Flipping is an essential (if not the most important) step in every pancake recipe, so you want to make sure you have the right vehicle to make this as seamless as possible. Flipping in a small or curved pan can prove difficult, which is why Neil Kleinberg, chef and owner of beloved NYC pancake spot Clinton St. Baking Co., swears by a flat, non-stick griddle for the job instead.
But if you don’t have a griddle and don’t feel like investing in one to satisfy your pancake cravings, you don’t have to. Feel free to use a large skillet or pan with a surface area big enough to flip your pancakes on. A nonstick surface will help ensure a smooth flip, though you’ll still want to grease your pan either way.
When it comes to which oil is best for cooking pancakes, butter or plant-based butter alternatives win by a longshot. “I prefer it because it adds a better flavor and more browning to my pancakes,” Jenny McCoy, pastry chef at Buck Russell’s Bakery & Sandwich Shop in Chicago, tells SELF. “ I usually melt a small bowl and brush it lightly on my pan with a pastry brush so I can control how much I’m using because you really only need a very thin layer,” she explains.
2. Find the perfect ratio for your DIY pancake batter recipe.

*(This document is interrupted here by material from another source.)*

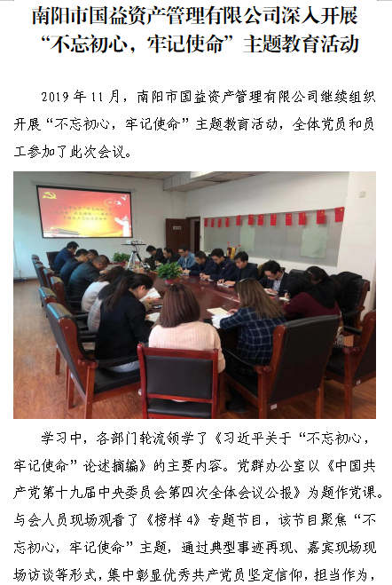 南陽市國益資產管理有限公司深入開展“不忘初心,牢記使命”主題教育活動
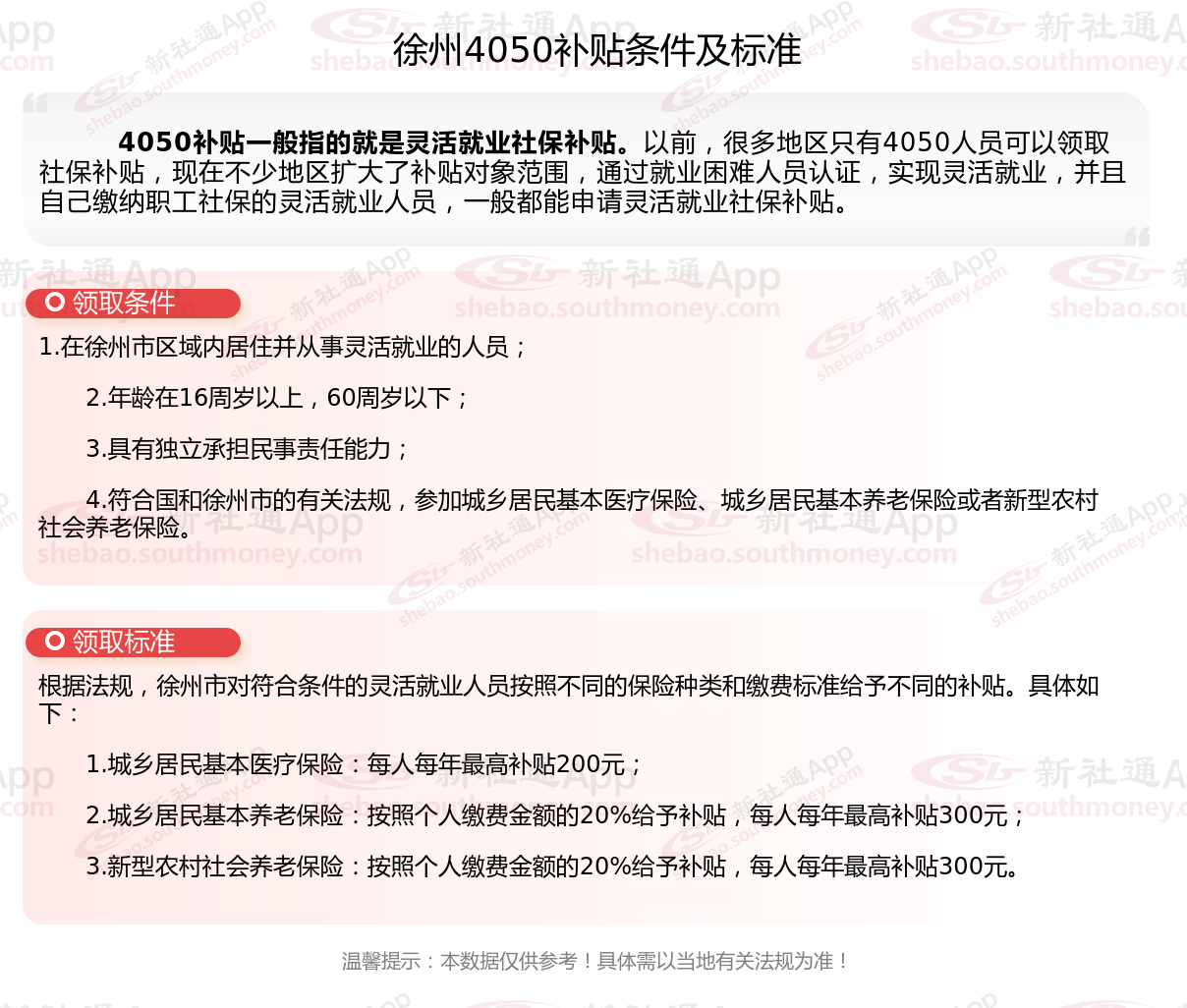 二、2025年徐州4050社保补贴标准及条件(4050社保补贴多少钱?)

Kleinberg says the best pancake recipes generally follow a ratio of 1 cup of wet ingredients to 1 cup of dry ingredients. What you choose for them, though, can vary.

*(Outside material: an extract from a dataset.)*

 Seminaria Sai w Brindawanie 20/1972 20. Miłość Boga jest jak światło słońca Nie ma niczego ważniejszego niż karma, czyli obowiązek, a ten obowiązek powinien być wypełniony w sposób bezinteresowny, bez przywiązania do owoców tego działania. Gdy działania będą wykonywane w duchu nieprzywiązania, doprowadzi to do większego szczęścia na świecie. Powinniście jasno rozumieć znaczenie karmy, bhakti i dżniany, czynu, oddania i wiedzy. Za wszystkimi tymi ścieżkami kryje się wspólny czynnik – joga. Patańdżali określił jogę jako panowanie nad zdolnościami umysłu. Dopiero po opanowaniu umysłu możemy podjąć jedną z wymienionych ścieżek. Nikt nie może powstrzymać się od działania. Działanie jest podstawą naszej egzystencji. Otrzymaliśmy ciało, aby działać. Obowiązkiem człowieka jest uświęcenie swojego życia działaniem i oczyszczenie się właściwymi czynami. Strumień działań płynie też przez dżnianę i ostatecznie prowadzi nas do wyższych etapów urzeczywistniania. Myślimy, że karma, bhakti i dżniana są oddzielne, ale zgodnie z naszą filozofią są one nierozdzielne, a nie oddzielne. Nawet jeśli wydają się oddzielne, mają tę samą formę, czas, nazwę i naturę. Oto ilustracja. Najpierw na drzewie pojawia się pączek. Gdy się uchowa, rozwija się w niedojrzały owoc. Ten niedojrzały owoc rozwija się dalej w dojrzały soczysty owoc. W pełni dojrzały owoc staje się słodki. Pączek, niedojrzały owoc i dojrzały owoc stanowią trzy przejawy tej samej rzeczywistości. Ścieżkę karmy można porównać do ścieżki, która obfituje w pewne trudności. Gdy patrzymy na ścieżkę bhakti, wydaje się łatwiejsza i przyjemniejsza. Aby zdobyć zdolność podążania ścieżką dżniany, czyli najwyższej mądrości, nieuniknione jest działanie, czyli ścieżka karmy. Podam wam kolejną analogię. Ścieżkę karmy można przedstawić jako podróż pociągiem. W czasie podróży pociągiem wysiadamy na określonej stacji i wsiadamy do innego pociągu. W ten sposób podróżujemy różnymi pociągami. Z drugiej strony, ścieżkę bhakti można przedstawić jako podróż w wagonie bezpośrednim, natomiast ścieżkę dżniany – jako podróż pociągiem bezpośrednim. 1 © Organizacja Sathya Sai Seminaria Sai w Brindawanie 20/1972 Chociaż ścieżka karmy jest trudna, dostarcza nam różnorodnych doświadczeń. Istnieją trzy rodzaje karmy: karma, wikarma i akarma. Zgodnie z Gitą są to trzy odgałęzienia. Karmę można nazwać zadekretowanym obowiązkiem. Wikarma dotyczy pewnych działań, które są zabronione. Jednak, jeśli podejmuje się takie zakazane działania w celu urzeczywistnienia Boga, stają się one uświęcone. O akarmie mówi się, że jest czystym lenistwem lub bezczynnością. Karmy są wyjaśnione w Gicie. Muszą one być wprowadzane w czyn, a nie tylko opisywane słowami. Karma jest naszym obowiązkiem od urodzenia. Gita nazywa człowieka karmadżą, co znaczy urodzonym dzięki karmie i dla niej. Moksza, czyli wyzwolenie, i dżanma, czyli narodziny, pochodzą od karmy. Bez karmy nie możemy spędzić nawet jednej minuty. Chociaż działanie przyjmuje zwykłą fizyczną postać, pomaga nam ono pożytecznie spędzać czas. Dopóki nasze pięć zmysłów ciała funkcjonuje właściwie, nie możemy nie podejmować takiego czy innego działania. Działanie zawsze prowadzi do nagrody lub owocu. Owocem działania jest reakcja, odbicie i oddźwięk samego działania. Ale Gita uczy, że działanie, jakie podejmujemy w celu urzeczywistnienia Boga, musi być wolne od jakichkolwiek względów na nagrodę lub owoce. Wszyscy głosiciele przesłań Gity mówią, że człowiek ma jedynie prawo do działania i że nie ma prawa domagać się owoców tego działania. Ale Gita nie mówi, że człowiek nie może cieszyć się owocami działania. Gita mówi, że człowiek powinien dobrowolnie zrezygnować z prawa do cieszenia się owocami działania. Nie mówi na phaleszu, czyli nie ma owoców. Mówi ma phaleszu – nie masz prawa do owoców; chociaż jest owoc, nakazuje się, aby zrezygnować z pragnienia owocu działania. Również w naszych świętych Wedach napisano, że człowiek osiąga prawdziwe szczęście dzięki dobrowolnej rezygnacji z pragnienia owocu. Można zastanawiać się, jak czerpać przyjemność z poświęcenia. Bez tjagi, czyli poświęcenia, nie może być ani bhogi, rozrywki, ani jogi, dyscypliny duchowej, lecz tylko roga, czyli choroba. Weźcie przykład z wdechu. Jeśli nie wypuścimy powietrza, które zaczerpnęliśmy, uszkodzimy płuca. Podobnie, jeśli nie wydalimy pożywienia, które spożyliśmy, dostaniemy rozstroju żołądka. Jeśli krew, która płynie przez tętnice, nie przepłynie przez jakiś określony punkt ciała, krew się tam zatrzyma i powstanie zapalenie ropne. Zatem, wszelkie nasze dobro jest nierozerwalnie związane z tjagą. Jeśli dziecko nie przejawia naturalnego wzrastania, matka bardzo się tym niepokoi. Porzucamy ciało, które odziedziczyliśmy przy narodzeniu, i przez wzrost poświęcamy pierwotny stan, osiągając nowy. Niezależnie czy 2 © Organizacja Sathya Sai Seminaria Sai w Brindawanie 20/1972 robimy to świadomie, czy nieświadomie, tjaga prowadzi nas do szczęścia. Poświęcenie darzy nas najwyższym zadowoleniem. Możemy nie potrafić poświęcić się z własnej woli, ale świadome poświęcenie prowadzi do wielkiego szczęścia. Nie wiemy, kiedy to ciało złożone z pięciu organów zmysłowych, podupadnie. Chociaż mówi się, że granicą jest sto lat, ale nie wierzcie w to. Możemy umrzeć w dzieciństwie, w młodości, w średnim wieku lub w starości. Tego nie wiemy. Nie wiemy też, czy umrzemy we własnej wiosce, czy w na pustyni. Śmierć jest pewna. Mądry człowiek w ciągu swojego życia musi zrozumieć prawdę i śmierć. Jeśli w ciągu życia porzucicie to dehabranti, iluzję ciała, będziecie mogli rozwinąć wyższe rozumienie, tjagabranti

Wet ingredients can include things like eggs, dairy products like milk, cream, melted butter, or yogurt, and nondairy alternatives like oat milk, almond milk, or soymilk, Kleinberg says. Dry ingredients include flour, salt, baking powder, and any spices you want to include. And you should always use 2 teaspoons of baking powder for every cup of flour to ensure your pancakes rise properly. (Pro tip: Make homemade pancake mix from the recipe below ahead of time and store in an airtight container until you’re ready to use. Because none of the ingredients included perish quickly, you’ll be able to use it for months.)